Gammoudi first came to international attention at the 1963 Mediterranean Games in Naples, where he won the 5,000 m and 10,000 m. and repeated the feat in the 1967 Games. Despite those achievements, Gammoudi was still virtually unknown when he arrived at the Tokyo Olympic Games. The favourite, world record holder Ron Clarke from Australia, ensured a fast tempo throughout the race. With one lap remaining, Clarke had dropped all his main rivals, except Gammoudi and Billy Mills from United States. Coming into the home straight, Mills, Clark and Gammoudi exchanged leads. With 50 m to go, Gammoudi had the lead, until Mills swept past Gammoudi to win the gold medal. Two days later, Gammoudi won his heat in the 5000 m, but for reasons never fully explained, he withdrew from the final.

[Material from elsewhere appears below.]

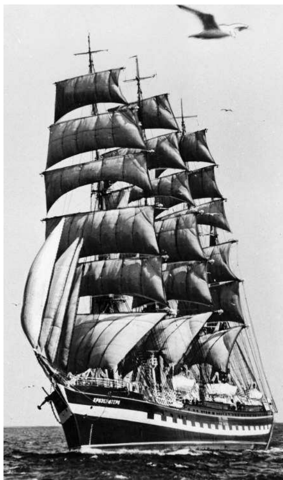
Современный парусник «Крузенштерн» совершил несколько кругосветных путешествий

Кроме экипажа на «Надежде» разместилось посольство под руководством Николая Резанова, чьей миссией было установление торговых отношений с Японией. Единственными иностранцами, приглашенными принять участие в путешествии, стали врач

Gammoudi won the British AAA Championships title in the 6 miles event at the 1965 AAA Championships and 1967 AAA Championships.

===1967 Mediterranean Games and 1968 Olympics===

Gammoudi successfully defended his 5000 m and 10 000 m titles at the Mediterranean Games in Tunis in 1967, and was one of the favourites at the Mexico Olympics. In the 10,000 m final in Mexico, Gammoudi was in the leading group throughout the race. The group had been reduced to three by the bell lap. Naftali Temu from Kenya, who won in 29:27.4 and Mamo Wolde from Ethiopia 29:28, sprinted the last lap, outrunning Gammoudi, leaving him at 29:34, with the bronze medal. Two days later, Gammoudi qualified for the 5000 m final. In the final, three runners were in contention at the bell lap, with Gammoudi leading Temu and another Kenyan, Kip Keino. The last lap was fast pace, and although the two Kenyans gave charge, Gammoudi held on to the lead, winning the gold medal.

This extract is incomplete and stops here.